▶ _DIRECTIONS FOR THIS TASK_:
Look in the data below for the line that has "Best Dish Garden: Pat Rutzke", then print exactly every line from there through the line that has "Awareness session conducted", leaving pictures out.

▶ _MATERIAL FOR THE TASK_:
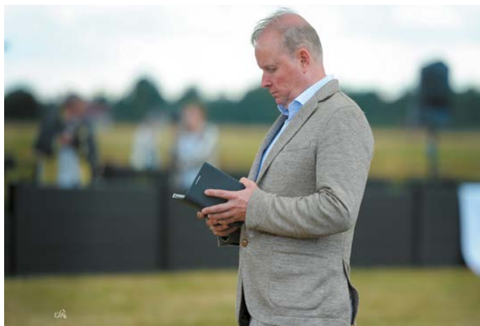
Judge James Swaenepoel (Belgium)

* * *

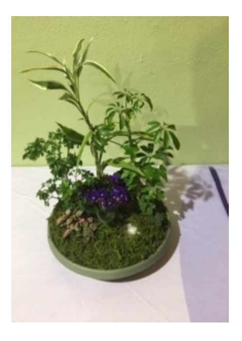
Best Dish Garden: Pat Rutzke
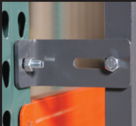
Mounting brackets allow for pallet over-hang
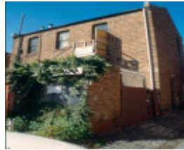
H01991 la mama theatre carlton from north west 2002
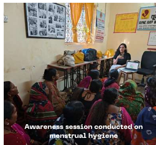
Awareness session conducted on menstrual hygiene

---

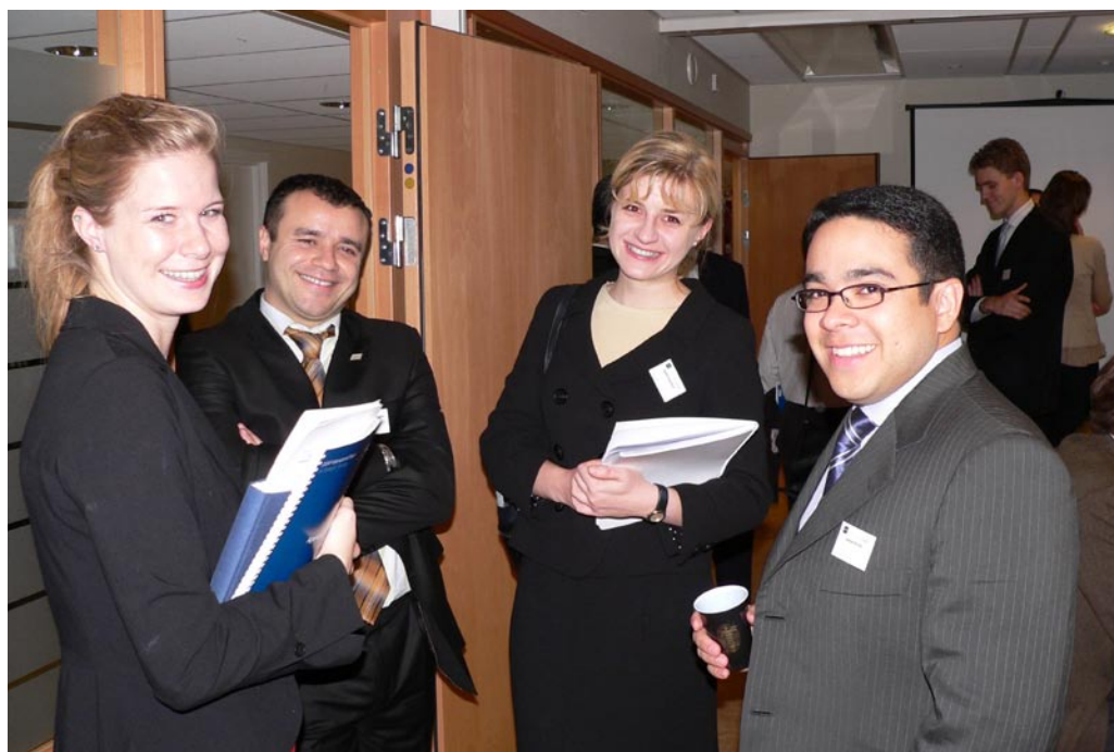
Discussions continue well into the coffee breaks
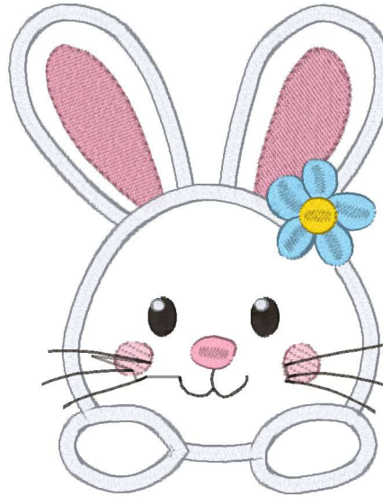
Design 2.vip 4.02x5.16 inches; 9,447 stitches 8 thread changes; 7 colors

▶ _EXERCISE OUTPUT_:
Best Dish Garden: Pat Rutzke
Mounting brackets allow for pallet over-hang
H01991 la mama theatre carlton from north west 2002
Awareness session conducted on menstrual hygiene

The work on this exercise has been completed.